Data items:

===

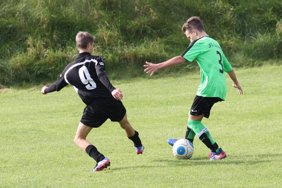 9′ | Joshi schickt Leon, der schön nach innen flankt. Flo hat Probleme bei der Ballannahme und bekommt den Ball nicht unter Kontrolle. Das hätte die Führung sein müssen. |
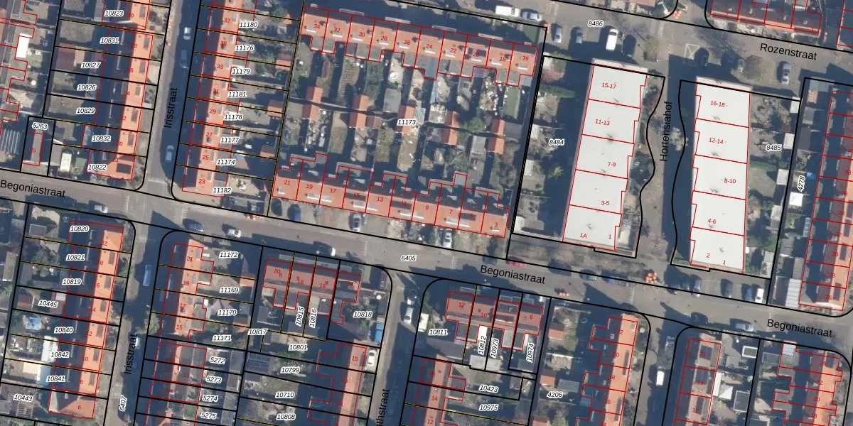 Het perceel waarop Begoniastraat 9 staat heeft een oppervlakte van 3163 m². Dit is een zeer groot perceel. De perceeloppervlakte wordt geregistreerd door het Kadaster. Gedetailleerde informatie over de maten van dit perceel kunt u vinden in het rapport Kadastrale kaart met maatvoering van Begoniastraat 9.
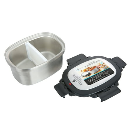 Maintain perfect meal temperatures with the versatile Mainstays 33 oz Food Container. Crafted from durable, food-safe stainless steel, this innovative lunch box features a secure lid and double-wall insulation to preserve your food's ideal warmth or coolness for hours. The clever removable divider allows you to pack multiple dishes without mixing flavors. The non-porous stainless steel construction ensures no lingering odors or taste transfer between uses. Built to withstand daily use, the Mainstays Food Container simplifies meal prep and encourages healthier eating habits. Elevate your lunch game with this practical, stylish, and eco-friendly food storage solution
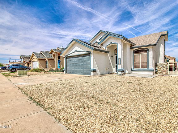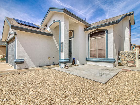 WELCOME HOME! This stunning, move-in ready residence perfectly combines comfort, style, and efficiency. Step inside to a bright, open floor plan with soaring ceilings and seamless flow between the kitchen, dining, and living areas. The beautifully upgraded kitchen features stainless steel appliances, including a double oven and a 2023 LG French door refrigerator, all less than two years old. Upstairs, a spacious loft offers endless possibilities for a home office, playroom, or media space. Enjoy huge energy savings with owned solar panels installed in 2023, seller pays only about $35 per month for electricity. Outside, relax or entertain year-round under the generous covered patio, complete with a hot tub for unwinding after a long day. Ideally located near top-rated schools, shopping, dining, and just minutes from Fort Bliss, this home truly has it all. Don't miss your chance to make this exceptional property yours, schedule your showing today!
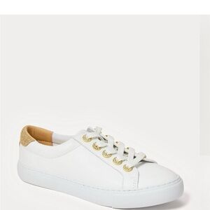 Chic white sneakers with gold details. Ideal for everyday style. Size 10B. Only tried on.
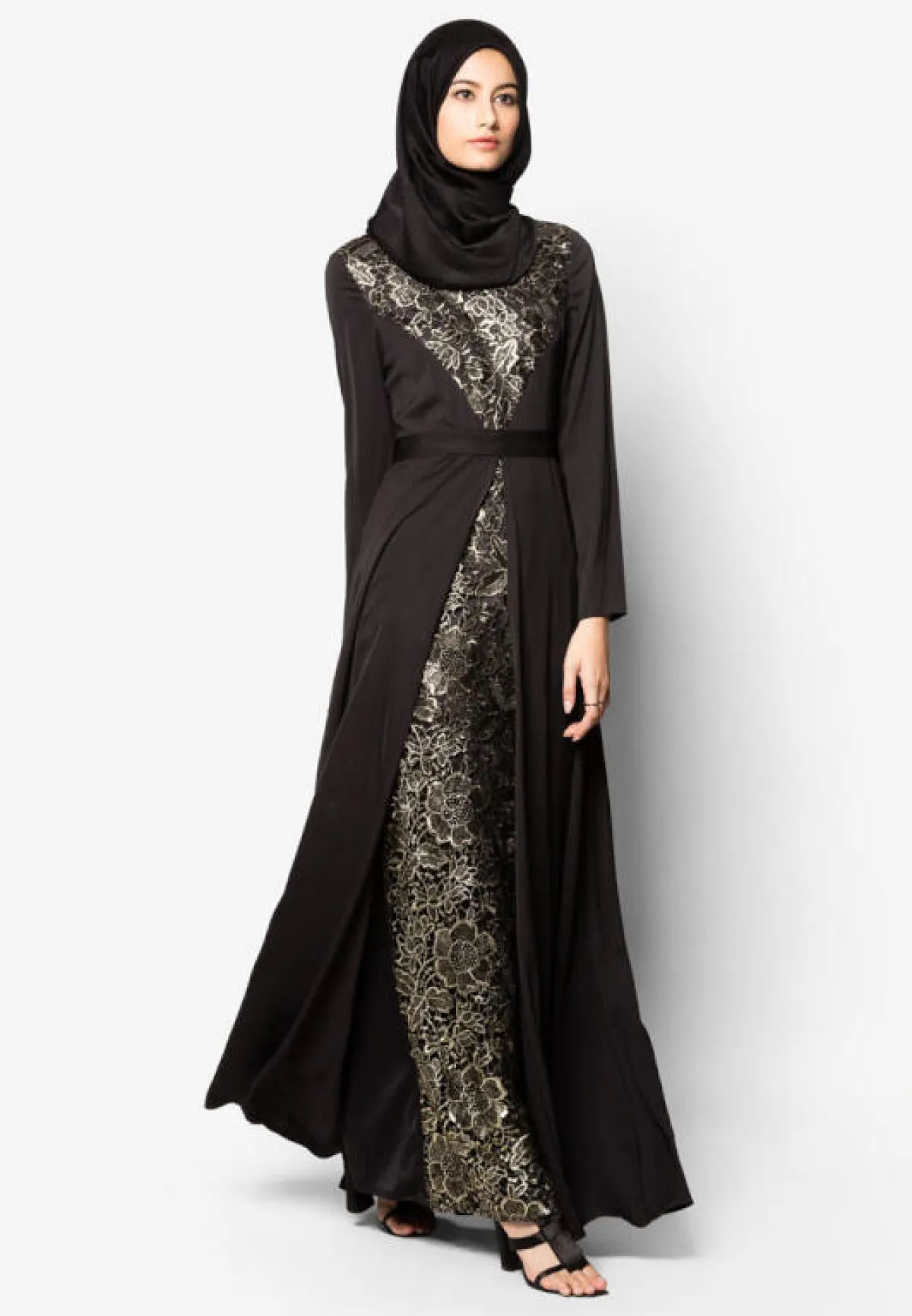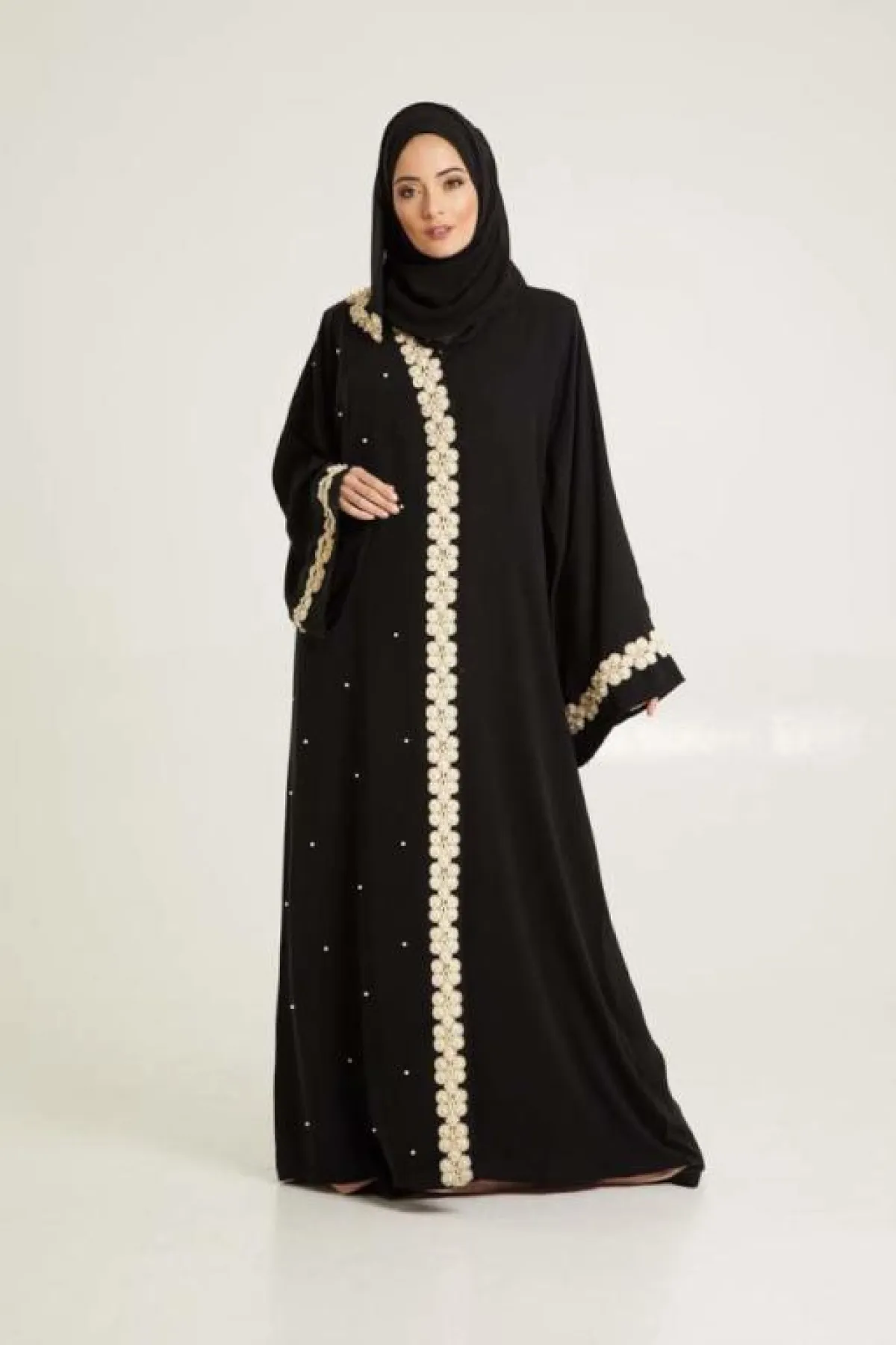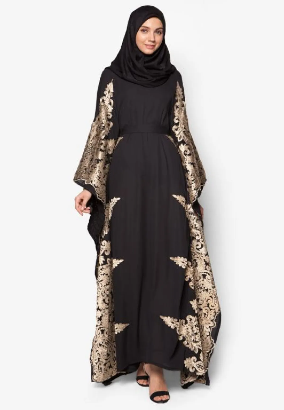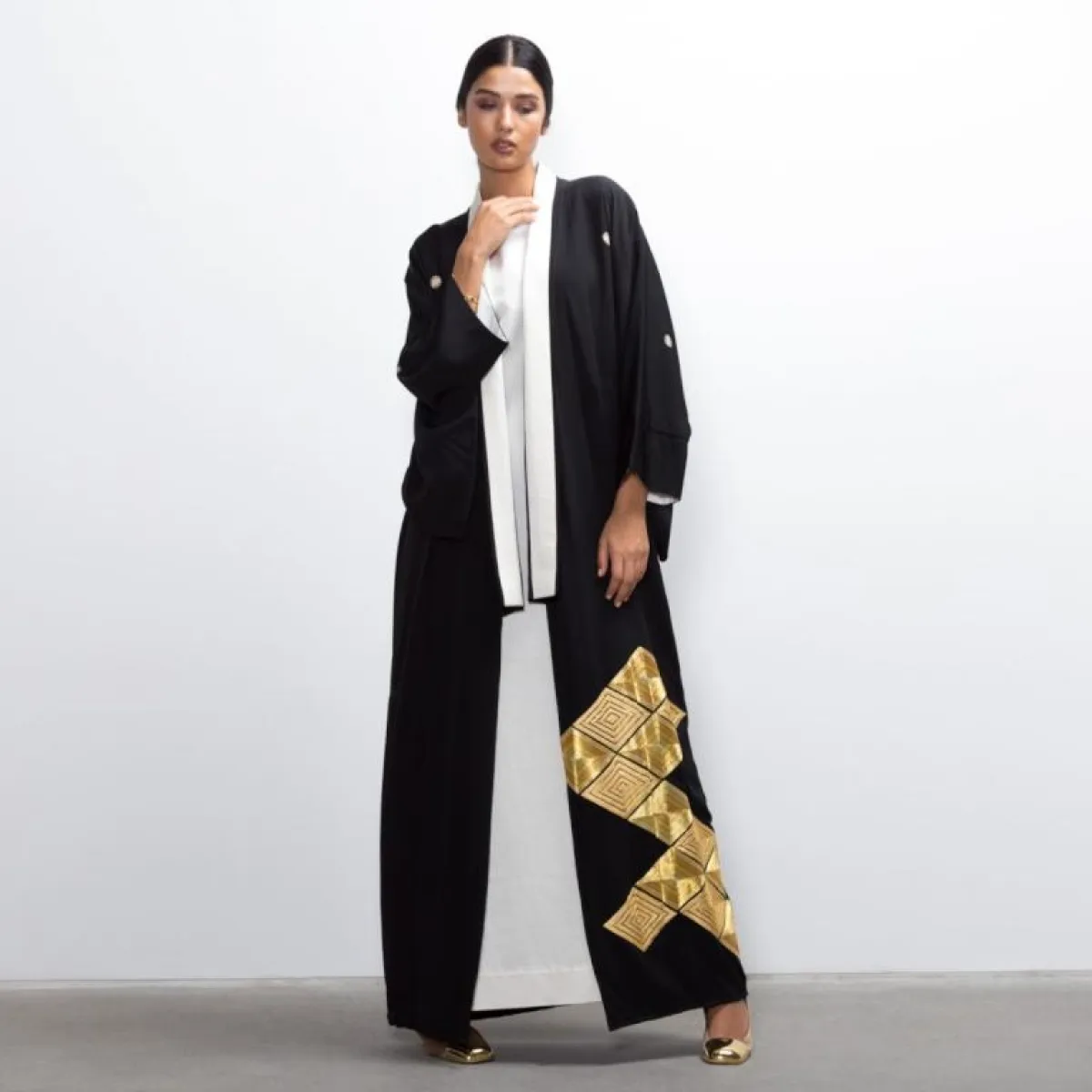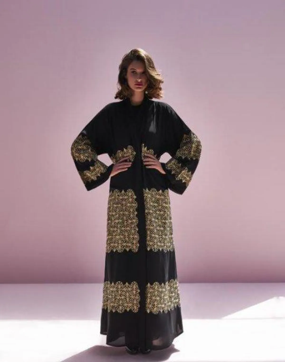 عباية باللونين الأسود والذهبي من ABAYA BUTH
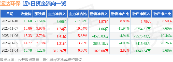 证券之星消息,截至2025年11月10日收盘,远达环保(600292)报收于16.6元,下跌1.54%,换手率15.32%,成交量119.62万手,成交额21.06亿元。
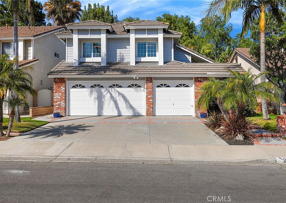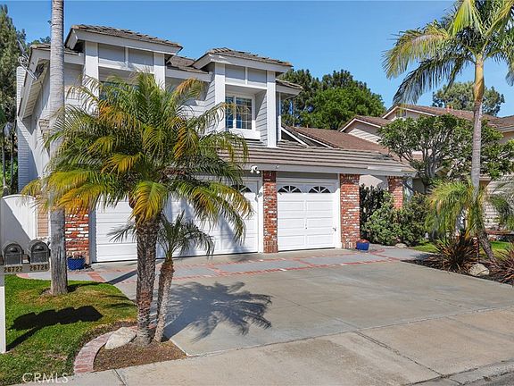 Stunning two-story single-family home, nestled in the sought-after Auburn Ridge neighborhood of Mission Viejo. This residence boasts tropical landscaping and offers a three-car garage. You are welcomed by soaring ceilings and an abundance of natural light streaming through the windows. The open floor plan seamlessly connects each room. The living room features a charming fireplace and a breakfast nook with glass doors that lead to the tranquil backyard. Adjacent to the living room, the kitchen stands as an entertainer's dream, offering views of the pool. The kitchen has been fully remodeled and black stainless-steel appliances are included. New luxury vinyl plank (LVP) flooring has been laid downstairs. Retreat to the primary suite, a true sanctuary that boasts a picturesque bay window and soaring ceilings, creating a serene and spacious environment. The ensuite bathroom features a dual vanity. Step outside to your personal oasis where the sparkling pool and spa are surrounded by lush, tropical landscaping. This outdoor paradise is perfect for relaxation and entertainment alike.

===

Lines from the one above containing "Maintain perfect meal" down to the one containing "证券之星消息,截至2025年" should be transcribed exactly, with both ends kept and no pictures.

 Maintain perfect meal temperatures with the versatile Mainstays 33 oz Food Container. Crafted from durable, food-safe stainless steel, this innovative lunch box features a secure lid and double-wall insulation to preserve your food's ideal warmth or coolness for hours. The clever removable divider allows you to pack multiple dishes without mixing flavors. The non-porous stainless steel construction ensures no lingering odors or taste transfer between uses. Built to withstand daily use, the Mainstays Food Container simplifies meal prep and encourages healthier eating habits. Elevate your lunch game with this practical, stylish, and eco-friendly food storage solution
 WELCOME HOME! This stunning, move-in ready residence perfectly combines comfort, style, and efficiency. Step inside to a bright, open floor plan with soaring ceilings and seamless flow between the kitchen, dining, and living areas. The beautifully upgraded kitchen features stainless steel appliances, including a double oven and a 2023 LG French door refrigerator, all less than two years old. Upstairs, a spacious loft offers endless possibilities for a home office, playroom, or media space. Enjoy huge energy savings with owned solar panels installed in 2023, seller pays only about $35 per month for electricity. Outside, relax or entertain year-round under the generous covered patio, complete with a hot tub for unwinding after a long day. Ideally located near top-rated schools, shopping, dining, and just minutes from Fort Bliss, this home truly has it all. Don't miss your chance to make this exceptional property yours, schedule your showing today!
 Chic white sneakers with gold details. Ideal for everyday style. Size 10B. Only tried on.
 عباية باللونين الأسود والذهبي من ABAYA BUTH
 证券之星消息,截至2025年11月10日收盘,远达环保(600292)报收于16.6元,下跌1.54%,换手率15.32%,成交量119.62万手,成交额21.06亿元。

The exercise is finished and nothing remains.